How To Make Judicial Confirmation Hearings Interesting

by Pejman Yousefzadeh on July 13, 2009

I am surprised that no one has yet adopted Randy Barnett’s idea:

Supreme Court confirmation hearings do not have to be about either results or nothing. They could be about clauses, not cases. Instead of asking nominees how they would decide particular cases, ask them to explain what they think the various clauses of the Constitution mean. Does the Second Amendment protect an individual right to arms? What was the original meaning of the Privileges or Immunities Clause of the 14th Amendment? (Hint: It included an individual right to arms.) Does the 14th Amendment “incorporate” the Bill of Rights and, if so, how and why? Does the Ninth Amendment protect judicially enforceable unenumerated rights? Does the Necessary and Proper Clause delegate unlimited discretion to Congress?

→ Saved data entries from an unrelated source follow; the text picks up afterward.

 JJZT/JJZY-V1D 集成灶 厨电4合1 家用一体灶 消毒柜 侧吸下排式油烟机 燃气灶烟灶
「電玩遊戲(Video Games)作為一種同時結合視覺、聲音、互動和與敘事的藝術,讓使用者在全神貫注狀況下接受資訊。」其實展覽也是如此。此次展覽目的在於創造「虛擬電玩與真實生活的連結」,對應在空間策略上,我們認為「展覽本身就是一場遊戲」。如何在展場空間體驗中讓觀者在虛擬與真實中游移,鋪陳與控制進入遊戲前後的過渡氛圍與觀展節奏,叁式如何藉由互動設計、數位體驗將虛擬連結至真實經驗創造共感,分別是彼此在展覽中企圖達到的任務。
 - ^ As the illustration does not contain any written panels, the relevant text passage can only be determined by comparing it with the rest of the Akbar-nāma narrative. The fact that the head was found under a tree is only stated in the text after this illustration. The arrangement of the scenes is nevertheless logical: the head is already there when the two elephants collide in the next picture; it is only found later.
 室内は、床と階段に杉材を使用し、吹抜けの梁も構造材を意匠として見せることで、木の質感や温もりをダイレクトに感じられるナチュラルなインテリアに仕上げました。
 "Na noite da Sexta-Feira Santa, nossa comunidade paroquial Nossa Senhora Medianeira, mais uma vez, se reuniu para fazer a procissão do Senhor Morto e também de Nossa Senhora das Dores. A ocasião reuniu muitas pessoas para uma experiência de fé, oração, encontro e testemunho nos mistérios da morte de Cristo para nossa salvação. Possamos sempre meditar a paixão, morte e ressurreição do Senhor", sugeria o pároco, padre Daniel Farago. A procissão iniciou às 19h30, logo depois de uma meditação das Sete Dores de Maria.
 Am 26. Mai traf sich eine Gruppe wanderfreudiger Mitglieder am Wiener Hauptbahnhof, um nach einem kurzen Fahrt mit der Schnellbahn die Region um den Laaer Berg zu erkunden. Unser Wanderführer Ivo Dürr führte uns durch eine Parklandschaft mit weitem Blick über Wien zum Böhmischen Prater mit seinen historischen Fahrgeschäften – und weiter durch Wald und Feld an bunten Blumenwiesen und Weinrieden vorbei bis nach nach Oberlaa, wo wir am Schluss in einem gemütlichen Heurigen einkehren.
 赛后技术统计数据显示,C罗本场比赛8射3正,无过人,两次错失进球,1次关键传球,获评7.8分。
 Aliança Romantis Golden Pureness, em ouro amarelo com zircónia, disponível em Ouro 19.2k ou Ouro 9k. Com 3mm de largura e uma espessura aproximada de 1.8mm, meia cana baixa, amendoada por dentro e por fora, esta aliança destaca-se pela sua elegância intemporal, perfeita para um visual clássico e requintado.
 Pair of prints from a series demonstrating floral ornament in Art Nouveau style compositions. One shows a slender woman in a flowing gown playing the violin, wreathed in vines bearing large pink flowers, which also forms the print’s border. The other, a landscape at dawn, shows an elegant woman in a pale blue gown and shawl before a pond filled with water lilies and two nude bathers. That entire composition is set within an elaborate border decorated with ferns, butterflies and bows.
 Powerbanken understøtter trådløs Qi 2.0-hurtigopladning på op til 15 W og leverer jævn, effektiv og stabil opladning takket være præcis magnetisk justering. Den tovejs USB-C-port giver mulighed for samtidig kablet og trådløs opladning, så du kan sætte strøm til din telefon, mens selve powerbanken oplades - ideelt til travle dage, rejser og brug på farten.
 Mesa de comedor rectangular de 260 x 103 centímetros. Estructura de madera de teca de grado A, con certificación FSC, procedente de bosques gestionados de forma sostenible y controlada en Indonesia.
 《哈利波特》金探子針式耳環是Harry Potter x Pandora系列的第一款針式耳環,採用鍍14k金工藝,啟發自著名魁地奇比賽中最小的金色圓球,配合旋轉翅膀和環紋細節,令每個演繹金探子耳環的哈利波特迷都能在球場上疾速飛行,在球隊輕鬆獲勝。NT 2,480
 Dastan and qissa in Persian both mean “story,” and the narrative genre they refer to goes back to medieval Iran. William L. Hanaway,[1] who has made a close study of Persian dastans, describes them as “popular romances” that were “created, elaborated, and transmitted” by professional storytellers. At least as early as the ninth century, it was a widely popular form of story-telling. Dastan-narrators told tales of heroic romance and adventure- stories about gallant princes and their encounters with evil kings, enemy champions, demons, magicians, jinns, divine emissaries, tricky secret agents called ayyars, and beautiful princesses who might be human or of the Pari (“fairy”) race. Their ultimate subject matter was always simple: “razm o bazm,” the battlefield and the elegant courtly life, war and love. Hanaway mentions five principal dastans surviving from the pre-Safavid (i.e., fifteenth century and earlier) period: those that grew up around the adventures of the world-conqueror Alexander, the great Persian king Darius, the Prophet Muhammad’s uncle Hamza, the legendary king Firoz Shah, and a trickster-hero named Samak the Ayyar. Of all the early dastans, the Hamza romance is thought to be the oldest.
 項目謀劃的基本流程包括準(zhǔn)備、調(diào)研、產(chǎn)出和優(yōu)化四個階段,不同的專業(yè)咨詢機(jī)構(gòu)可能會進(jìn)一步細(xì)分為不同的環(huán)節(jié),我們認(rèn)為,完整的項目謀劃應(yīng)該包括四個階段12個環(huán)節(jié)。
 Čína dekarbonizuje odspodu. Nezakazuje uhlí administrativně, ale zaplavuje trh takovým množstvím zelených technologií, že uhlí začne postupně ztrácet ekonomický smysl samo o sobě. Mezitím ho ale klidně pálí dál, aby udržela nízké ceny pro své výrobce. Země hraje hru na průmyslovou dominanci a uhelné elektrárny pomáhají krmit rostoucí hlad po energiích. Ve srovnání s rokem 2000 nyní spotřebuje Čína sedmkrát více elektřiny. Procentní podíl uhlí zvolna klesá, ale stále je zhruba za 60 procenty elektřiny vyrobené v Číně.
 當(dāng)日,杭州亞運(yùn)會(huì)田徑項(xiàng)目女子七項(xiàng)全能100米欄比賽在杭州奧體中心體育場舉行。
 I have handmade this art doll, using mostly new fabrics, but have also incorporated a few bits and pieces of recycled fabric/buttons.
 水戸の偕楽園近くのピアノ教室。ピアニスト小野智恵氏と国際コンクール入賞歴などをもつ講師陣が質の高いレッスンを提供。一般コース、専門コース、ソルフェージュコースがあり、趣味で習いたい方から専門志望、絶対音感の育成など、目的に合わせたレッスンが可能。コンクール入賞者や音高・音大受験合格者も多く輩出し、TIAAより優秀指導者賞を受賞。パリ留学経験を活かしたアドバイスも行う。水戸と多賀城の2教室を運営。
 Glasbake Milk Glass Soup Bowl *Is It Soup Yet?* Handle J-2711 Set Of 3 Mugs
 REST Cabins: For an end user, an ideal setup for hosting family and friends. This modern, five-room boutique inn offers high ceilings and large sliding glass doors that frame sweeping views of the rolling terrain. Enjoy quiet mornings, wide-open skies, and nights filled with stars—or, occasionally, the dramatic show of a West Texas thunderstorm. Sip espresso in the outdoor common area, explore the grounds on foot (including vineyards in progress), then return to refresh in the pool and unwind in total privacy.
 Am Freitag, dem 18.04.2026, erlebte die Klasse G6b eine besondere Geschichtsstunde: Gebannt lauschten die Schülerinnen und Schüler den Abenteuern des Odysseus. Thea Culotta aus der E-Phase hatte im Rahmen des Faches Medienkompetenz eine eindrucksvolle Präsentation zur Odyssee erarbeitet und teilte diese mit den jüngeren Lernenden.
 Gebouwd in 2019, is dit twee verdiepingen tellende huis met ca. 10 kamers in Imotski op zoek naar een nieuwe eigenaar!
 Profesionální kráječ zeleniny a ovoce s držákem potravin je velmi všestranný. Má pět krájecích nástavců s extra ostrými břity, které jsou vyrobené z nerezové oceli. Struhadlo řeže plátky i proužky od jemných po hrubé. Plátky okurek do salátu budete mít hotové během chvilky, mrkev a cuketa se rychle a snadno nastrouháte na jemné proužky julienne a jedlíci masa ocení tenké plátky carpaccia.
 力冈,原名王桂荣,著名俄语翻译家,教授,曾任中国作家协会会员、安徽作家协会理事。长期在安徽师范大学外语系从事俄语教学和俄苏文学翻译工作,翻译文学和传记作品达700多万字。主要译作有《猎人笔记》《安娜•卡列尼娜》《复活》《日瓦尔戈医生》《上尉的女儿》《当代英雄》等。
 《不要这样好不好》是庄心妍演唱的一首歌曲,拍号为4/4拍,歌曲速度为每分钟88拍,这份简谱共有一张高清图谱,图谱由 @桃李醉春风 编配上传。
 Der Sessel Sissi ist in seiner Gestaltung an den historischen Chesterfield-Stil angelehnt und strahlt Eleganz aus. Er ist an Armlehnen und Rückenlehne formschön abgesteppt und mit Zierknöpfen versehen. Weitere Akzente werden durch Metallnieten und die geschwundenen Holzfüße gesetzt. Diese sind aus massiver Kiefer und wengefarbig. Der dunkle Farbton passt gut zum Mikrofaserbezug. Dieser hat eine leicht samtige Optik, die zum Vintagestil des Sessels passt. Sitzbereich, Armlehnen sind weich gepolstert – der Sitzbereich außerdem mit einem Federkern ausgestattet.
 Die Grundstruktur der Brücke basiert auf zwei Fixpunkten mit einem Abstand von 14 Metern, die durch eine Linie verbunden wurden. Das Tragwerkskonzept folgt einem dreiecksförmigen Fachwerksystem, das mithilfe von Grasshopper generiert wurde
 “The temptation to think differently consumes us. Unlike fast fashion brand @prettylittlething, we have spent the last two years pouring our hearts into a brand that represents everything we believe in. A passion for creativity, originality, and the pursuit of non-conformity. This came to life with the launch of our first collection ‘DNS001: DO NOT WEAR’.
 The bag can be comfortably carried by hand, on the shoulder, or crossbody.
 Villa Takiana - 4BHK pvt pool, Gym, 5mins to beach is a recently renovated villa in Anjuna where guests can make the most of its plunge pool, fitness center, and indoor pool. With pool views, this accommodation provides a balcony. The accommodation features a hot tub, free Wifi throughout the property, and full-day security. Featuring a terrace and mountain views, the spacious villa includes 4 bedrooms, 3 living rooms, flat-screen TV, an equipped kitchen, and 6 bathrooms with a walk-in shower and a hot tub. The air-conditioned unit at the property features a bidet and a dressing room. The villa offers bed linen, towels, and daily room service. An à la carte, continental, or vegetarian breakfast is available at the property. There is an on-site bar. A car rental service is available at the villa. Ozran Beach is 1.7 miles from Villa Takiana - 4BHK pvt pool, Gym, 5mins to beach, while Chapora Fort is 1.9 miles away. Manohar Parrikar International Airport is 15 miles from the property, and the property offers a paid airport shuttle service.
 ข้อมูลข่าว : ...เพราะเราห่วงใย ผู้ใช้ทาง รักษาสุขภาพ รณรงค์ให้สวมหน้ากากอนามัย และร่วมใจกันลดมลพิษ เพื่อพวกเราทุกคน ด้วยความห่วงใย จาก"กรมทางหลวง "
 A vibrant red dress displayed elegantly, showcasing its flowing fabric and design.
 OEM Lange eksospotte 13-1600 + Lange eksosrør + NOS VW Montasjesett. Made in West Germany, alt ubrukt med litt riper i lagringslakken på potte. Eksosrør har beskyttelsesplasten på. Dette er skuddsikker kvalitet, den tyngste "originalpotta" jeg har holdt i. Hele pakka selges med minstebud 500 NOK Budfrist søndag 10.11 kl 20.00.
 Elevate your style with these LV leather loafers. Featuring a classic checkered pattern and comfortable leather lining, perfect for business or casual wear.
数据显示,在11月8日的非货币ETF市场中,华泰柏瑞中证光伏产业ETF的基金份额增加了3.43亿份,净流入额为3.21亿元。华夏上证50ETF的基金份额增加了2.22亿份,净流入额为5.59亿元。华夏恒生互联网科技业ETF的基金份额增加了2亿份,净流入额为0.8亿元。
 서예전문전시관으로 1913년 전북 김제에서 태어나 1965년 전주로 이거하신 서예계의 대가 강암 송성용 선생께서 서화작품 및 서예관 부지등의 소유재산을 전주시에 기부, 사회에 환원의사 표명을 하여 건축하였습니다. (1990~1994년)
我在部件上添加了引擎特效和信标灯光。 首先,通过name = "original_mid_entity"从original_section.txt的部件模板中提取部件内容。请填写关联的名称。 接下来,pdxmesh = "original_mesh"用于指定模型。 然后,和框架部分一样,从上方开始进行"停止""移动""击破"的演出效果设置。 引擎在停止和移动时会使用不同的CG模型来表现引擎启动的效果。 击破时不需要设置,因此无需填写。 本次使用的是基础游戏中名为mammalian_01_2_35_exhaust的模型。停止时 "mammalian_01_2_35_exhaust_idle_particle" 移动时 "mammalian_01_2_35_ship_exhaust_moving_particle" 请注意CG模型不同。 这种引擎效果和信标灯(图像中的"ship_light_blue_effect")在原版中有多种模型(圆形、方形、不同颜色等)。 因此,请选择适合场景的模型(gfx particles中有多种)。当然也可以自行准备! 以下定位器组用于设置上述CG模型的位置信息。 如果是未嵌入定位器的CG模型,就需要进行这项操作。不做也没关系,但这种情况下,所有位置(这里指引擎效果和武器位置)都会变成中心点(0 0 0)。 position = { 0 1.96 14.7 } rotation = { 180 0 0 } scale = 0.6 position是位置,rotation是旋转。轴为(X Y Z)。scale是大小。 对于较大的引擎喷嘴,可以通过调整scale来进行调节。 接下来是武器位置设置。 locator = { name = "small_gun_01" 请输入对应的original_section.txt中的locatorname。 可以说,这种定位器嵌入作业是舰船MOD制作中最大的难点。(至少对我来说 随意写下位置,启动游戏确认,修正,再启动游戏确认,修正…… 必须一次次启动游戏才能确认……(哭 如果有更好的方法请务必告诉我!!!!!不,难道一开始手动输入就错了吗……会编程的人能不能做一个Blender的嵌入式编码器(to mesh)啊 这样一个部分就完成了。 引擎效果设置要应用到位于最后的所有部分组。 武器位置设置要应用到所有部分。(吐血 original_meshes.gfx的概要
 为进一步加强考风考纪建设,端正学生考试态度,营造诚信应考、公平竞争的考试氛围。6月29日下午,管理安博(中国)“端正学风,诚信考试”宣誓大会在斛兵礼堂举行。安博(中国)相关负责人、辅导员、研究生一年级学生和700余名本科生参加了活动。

Where in the text of the Constitution is the so-called Spending Power (by which Congress claims the power to spend tax revenue on anything it wants) and does it have any enforceable limits?

Don’t ask how the meaning of these clauses should be applied in particular circumstances. Just ask about the meaning itself and how it should be ascertained. Do nominees think they are bound by the original public meaning of the text? Even those who deny this still typically claim that original meaning is a “factor” or starting point. If so, what other factors do they think a justice should rely on to “interpret” the meaning of the text? Even asking whether “We the People” in the U.S. Constitution originally included blacks and slaves — as abolitionists like Lysander Spooner and Frederick Douglass contended, or not as Chief Justice Roger Taney claimed in Dred Scott v. Sandford — will tell us much about a nominee’s approach to constitutional interpretation. Given that this is hardly a case that will come before them, on what grounds could nominees refuse to answer such questions?

Of course, inquiring into clauses not cases would require senators to know something about the original meaning of the Constitution. Do they? It would be interesting to hear what Sen. Al Franken thinks about such matters, but no more so than any other member of the Judiciary Committee. Such a hearing would not only be entertaining, it would be informative and educational. After all, it would be about the meaning of the Constitution, which is to say it would be about something.

Sonia Sotomayor is prepared to refrain from commenting on cases, with the rationale being that such comments, if offered, would serve to prejudice her in the event that similar cases come before her as a Justice. That’s fine and understandable. But there is nothing wrong with asking her to comment on the meaning of the Constitution. If she fails to do that, she would be genuinely unresponsive to the questions before her, and would give Senators a genuine reason to vote against her nomination.